A week earlier, we’d had Raymond Ibrahim on the show. During that taping, our cameraman, a young man, got heated enough about what he was hearing that he interrupted the recording to challenge Raymond’s claims. So when Shabbos came on the following week, I decided to give the cameraman a proper seat at the table. No ambush, no gotcha…just an open invitation to make his case.
What followed was one of the most revealing exchanges we’ve had on the show.
The cameraman held positions that, in their raw form, were not insane. He believed in religious freedom. He believed in freedom of speech. He believed that the government shouldn’t discriminate against people based on their beliefs. He believed that immigrants shouldn’t be barred from the country based on what they think. These are not fringe positions. They come from a legitimate liberal tradition; a tradition I happen to share deep roots with as a lifelong advocate of free speech and cognitive liberty.
But he couldn’t defend any of them.
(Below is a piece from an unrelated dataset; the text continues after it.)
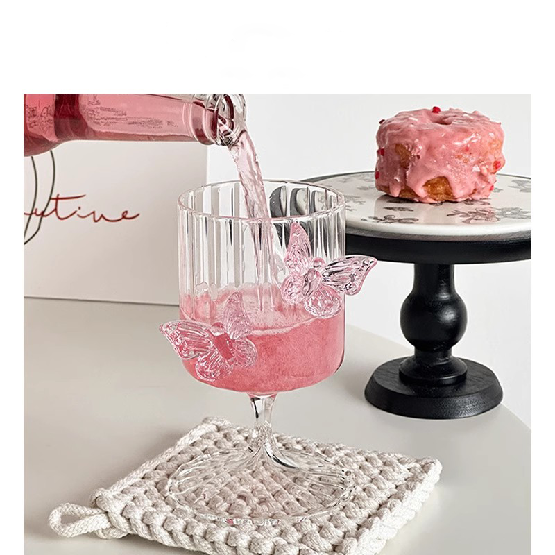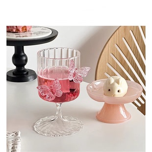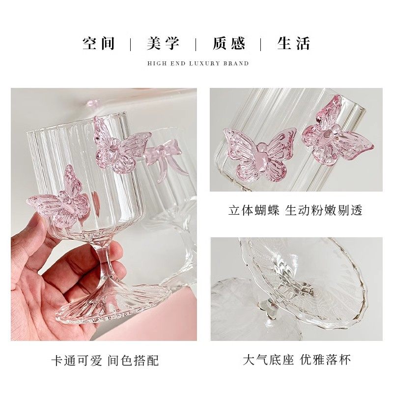 日本三霜蝴蝶浮雕玻璃杯高颜值饮料杯香槟杯甜酒杯轻舞杯子礼物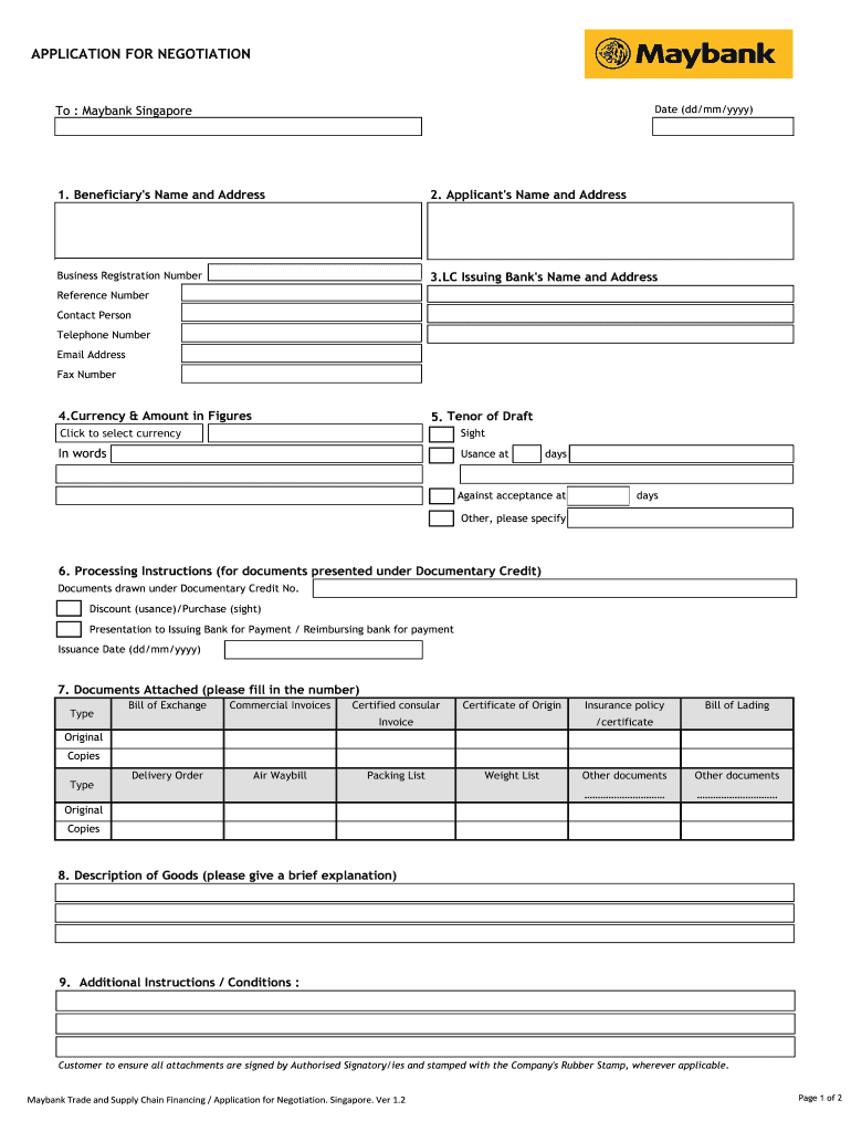 The Maybank Application for Negotiation is a crucial form used to request negotiation services from Maybank Singapore, pivotal in the trade financing landscape. This application facilitates access to trade financing, making it essential for businesses engaged in international trade. Its role in streamlining processes allows applicants to clearly present their needs and documentation, significantly impacting the trade financing environment in Singapore.

Again, not because the positions are indefensible, but because nobody had ever helped him think through them seriously. He’d absorbed conclusions without ever learning the reasoning behind them. When Shabbos pushed him on edge cases: “Should someone who wants to marry a six-year-old be admitted? Because that’s an actual thing happening in Iraq right now,” he struggled. When I asked him what criteria should disqualify someone from immigrating to the United States, he could only come up with two: If they’ve committed a crime, or if there’s credible evidence they intend to commit one. That’s it. Nothing about values. Nothing about the social fabric. Nothing about what makes a society cohere.
I want to steelman what he was trying to say, because Shabbos didn’t, and I think someone should.
The cameraman’s core belief, as best I can reconstruct it, is something like this: America is defined by its freedoms, and the moment you start excluding people based on their beliefs—even repugnant beliefs—you’ve betrayed the very thing that makes America worth defending. In his words: “It’s un-American to say we shouldn’t allow people in who don’t like America, because I believe in freedom.”
There’s something admirable in that. It’s a coherent position and one that many thoughtful people have held. It’s essentially a radical commitment to the open society: The idea that the best answer to bad speech is more speech, and that the same principle should extend to immigration. You let everyone in, you let the marketplace of ideas sort it out, and you trust the system.
The problem is that this position, taken to its logical conclusion, is self-defeating. Karl Popper identified this decades ago as the paradox of tolerance: A society that is tolerant without limit will eventually be destroyed by the intolerant. If you extend unlimited freedom to people who explicitly aim to abolish that freedom—who state openly that they wish to replace liberal democracy with theocracy, who use the mechanisms of the open society to dismantle the open society—you haven’t defended liberalism. What you’ve actually done is provided the instruments of its destruction and called it a liberal principle.
This is not a theoretical concern. Shabbos gave concrete examples: Dearborn, Michigan, where “Death to America” was chanted at a public event. Zohran Mamdani in New York. The Bondi Beach massacre. The grooming gangs. You don’t have to agree with every claim Shabbos made to acknowledge that the question of who gets in and what values they hold is not a bigoted question. It is, in fact, the foundational question of any self-governing society. Every liberal democracy in history has had to answer it.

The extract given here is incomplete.